Kebijakan yang digulirkan oleh Pemerintah Provinsi Jawa Barat terkait perubahan jam masuk sekolah menjadi pukul 06.30 WIB serta penghapusan Pekerjaan Rumah (PR) menuai beragam reaksi di kalangan orang tua siswa di wilayah Bogor. Meskipun sebagian mendukung dengan alasan penegakan disiplin, kekhawatiran mengenai kesiapan siswa dan efektivitas belajar di rumah menjadi perhatian utama bagi sebagian lainnya.

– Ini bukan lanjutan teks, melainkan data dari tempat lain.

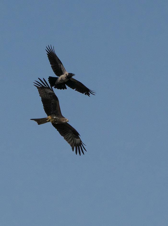 Самки, и коршунов и ворон, сидели на гнёздах. Самцы же охотились - каждый по своему. Коршун парил над рекой, ближайшим озером и разливами, высматривая добычу с высоты. Ворона-самец либо озирала окрестности с сухой верхушки, либо что-то выискивала, обследуя пешком береговую линию.

Tiwur, seorang warga Kota Bogor, mengungkapkan bahwa kebijakan masuk sekolah pukul 06.30 WIB dirasa terlalu dini, terutama bagi siswa yang berdomisili jauh dari sekolah. Ia khawatir anak-anak akan terburu-buru dan kurang istirahat. Meskipun siap mengikuti aturan, Tiwur secara tegas menolak penghapusan PR. Menurutnya, PR memiliki peran penting dalam menstimulasi pembelajaran di rumah, terutama bagi siswa Sekolah Dasar (SD) yang belum memiliki kesadaran belajar mandiri. Ia berpendapat, PR sebaiknya tetap diberikan dengan porsi yang tidak berlebihan.

Berbeda dengan Tiwur, Ira, seorang ibu dari Cibinong, mengaku tidak mempermasalahkan perubahan jam masuk sekolah. Ia bahkan sudah terbiasa mengantar anaknya ke sekolah lebih awal. Ira mendukung kebijakan ini karena melihatnya sebagai sarana untuk melatih tanggung jawab dan disiplin anak. Namun, ia juga berpendapat bahwa PR tetap diperlukan sebagai penunjang kegiatan belajar di rumah.

Nurhayati, warga Bojonggede, menyambut baik kebijakan masuk sekolah lebih pagi karena sejalan dengan rutinitas keluarganya. Anaknya menggunakan fasilitas jemputan sekolah dan sudah terbiasa bangun pagi. Meskipun demikian, ia menolak penghapusan PR. Menurutnya, PR berfungsi sebagai penambah nilai akademik dan alat kontrol belajar anak. Ia khawatir tanpa PR, anak-anak akan lebih banyak menghabiskan waktu bermain game daripada belajar.

Beberapa poin penting yang menjadi sorotan para orang tua terkait kebijakan ini antara lain:

  • Jam Masuk Sekolah Terlalu Pagi: Kekhawatiran mengenai dampak terhadap kesehatan dan kesiapan siswa, terutama yang berdomisili jauh dari sekolah.
  • Penghapusan PR: Kekhawatiran mengenai penurunan motivasi belajar di rumah dan kurangnya pemahaman materi pelajaran.
  • Keseimbangan: Perlunya keseimbangan antara penegakan disiplin dan pemenuhan kebutuhan belajar siswa.

Secara keseluruhan, kebijakan ini masih menjadi perdebatan di kalangan orang tua. Pemerintah diharapkan dapat mempertimbangkan berbagai masukan dan melakukan evaluasi secara berkala untuk memastikan kebijakan ini benar-benar bermanfaat bagi kemajuan pendidikan anak-anak.